## [Exercise brief]
The records follow. Count the lines holding "ceftazidime" and give only the number.
--- Exercise input ---
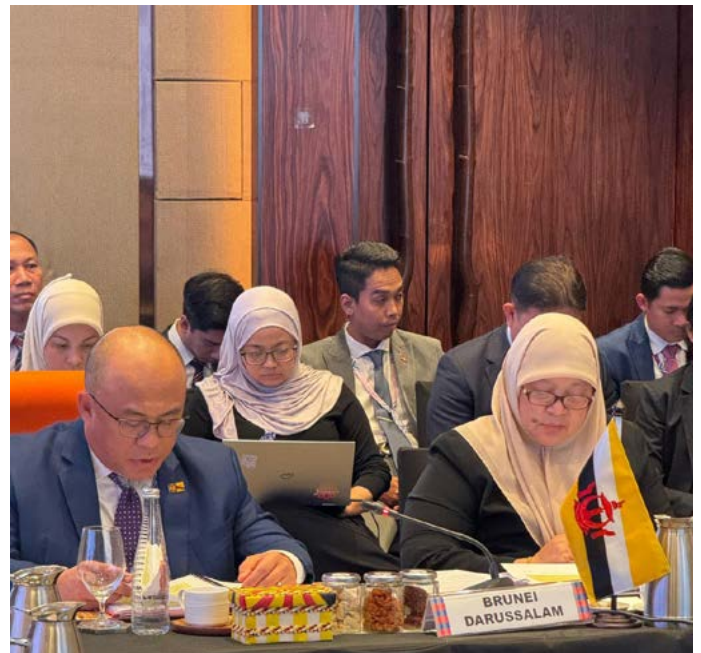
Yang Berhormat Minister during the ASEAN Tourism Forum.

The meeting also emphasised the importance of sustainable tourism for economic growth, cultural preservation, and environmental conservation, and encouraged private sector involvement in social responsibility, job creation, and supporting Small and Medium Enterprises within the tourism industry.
---
--- Exercise input ---
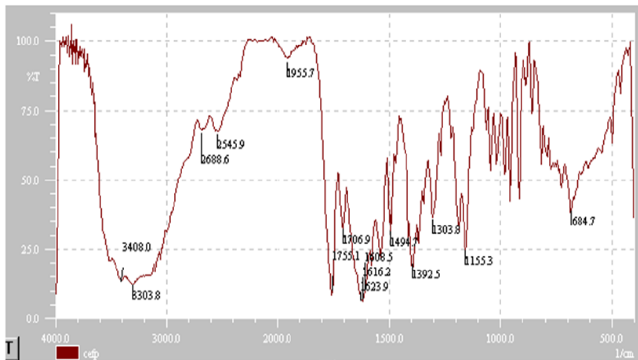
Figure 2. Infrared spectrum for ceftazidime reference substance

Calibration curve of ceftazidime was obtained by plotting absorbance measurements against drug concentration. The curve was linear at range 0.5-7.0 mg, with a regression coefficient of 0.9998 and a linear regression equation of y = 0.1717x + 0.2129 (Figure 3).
---
## [Completed exercise]
2